バーチャルサイクリングのためのソフトと言えば、筆者が毎日やっているZwiftやMyWhoosh、TrainingPeaks Virtualなどが代表的。スマートサイクルトレーナーや心拍センサーと連携して、3Dワールドの地形などに応じて負荷がリアルタイムに変わり、実車さながらの走行感を室内で体感できるものだ。ネットを通じて世界中のユーザーとレースやグループライドを楽しむこともでき、ゲーム的に飽きずに続けられる。
これらのソフトは基本的にスマホやパソコンのネイティブアプリとして動作するわけだけれど、Biketerraは完全にWebブラウザ内で完結している。ライドイベントのお知らせや自分のアクティビティの詳細、用意されているコースなどを見ることができる公式サイトがあり、そこで好きなコースを選んで「RIDE NOW」を選べば、すぐに走行画面に切り替わる。あとはサイクルトレーナーやセンサーと連携するだけで走り出せるのだ。
性能の低い端末でも快適に動作できるようにするためか(あるいはWebブラウザ上で動作させるための制約か)、走行画面の3Dグラフィックはシンプルなもの。

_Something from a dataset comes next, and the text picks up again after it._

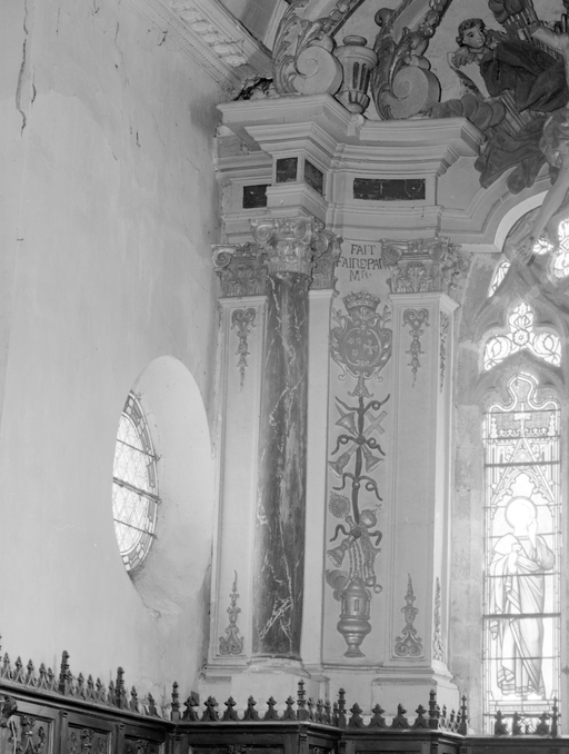 Décor de trophées à emblèmes liturgiques : croix et bougeoir en sautoir ; ostensoir et ciboire en sautoir ; encensoir fumant à la base ; à droite : ostensoir et calice en sautoir ; ciboire et croix en sautoir ; lampe de sanctuaire à la base.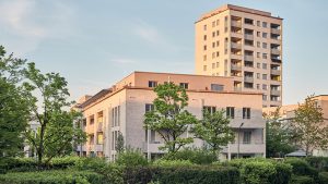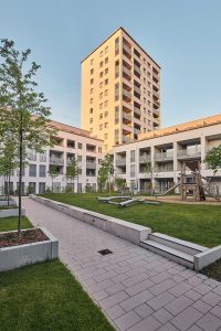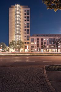 Besonders prägend ist das herausragende Architekturkonzept des renommierten Büros Goergens und Miklautz. Mit Klinkerfassaden, klaren Formen und einem großzügig begrünten Innenhof fügt sich das Quartier harmonisch in die Umgebung ein. Herzstück des Ensembles ist der 14-geschossige Wohnturm, dessen Treppenhaus-Fassade von einem emporfliegenden Vogelschwarm geprägt ist und bietet vor allem bei Nacht ein eindrucksvolles Spiel aus Licht und Schatten.

往年のバーチャファイターチックなポリゴンポリゴンした見た目で、これはこれで味があっていい。UIは洗練されているとは言いがたいが、各種ステータスは十分な情報量で、比較的安定して滑らかに動く。
スマホの場合は縦置きでも横置きでもプレーできるが、URL表示欄などが消せないだけに走行画面がやや窮屈になりがち。できれば大画面のタブレットやパソコンを使うか、スマホ画面を外部モニターにミラーリングするのが良さそう。とはいえ、スマホのWebブラウザでここまでできるようになったかー、という感動は間違いなくある。
もう1つBiketerraがユニークなのは、世界中の実在する道路を模したコースを走れること。ツール・ド・フランスの舞台となっているコースもあれば、日本の皇居周辺の周回路を再現したものもある。トータル3万2000kmにも及ぶコースが用意されているうえ、FITファイルやGPXファイルなどをアップロードして独自のコースを作ることもできるので、大会のコースを再現してトレーニングやシミュレーションに使うのもアリだ。
ただし、先ほども書いたようにグラフィックは初代バーチャファイターレベルで、欧州でも日本でも3Dオブジェは共通のアセットを使用しているため、見た目の違いはほとんどない。たとえば皇居周辺の道路は片側2車線以上はあるはずなのに対面1車線だし、どの建物も豆腐。しかも、十勝平野かよ、ってくらいに森や野原が広がっている(皇居内の森の再現度はある意味高いが)。欧州のコースを選んでもそこに大差はない。
あと、Biketerraも世界中のユーザーとライドできるはずなのだが、今のところ他のユーザーに出会えていない。一応毎日ライドイベントは開催されているものの数が少なく、筆者が走れる時間帯にはめぼしいものがないし、一覧で見る限り参加予定の人数も多くて10人前後だ。
無料の範囲では選べるコースが6つだけ。有料会員になれば制限はなくなるものの、標準で月額7.99ドル(約900円)~という、しっかりめの課金額なのも微妙ではある。Webブラウザだけで走れるというのはスゴいとは思うけれど、「実際のコースを手軽にバーチャルで再現してトレーニングに役立てたい」というようなモチベーションがない限りは、あえてこのBiketerraを選ぶ理由はないかもしれない。
Zwiftの料金がさらにアップしてしまわないよう、こういった新しいサービスがどんどん出てきて競争してくれるのはありがたいことなので応援していきたいと思っているけれど、果たして……。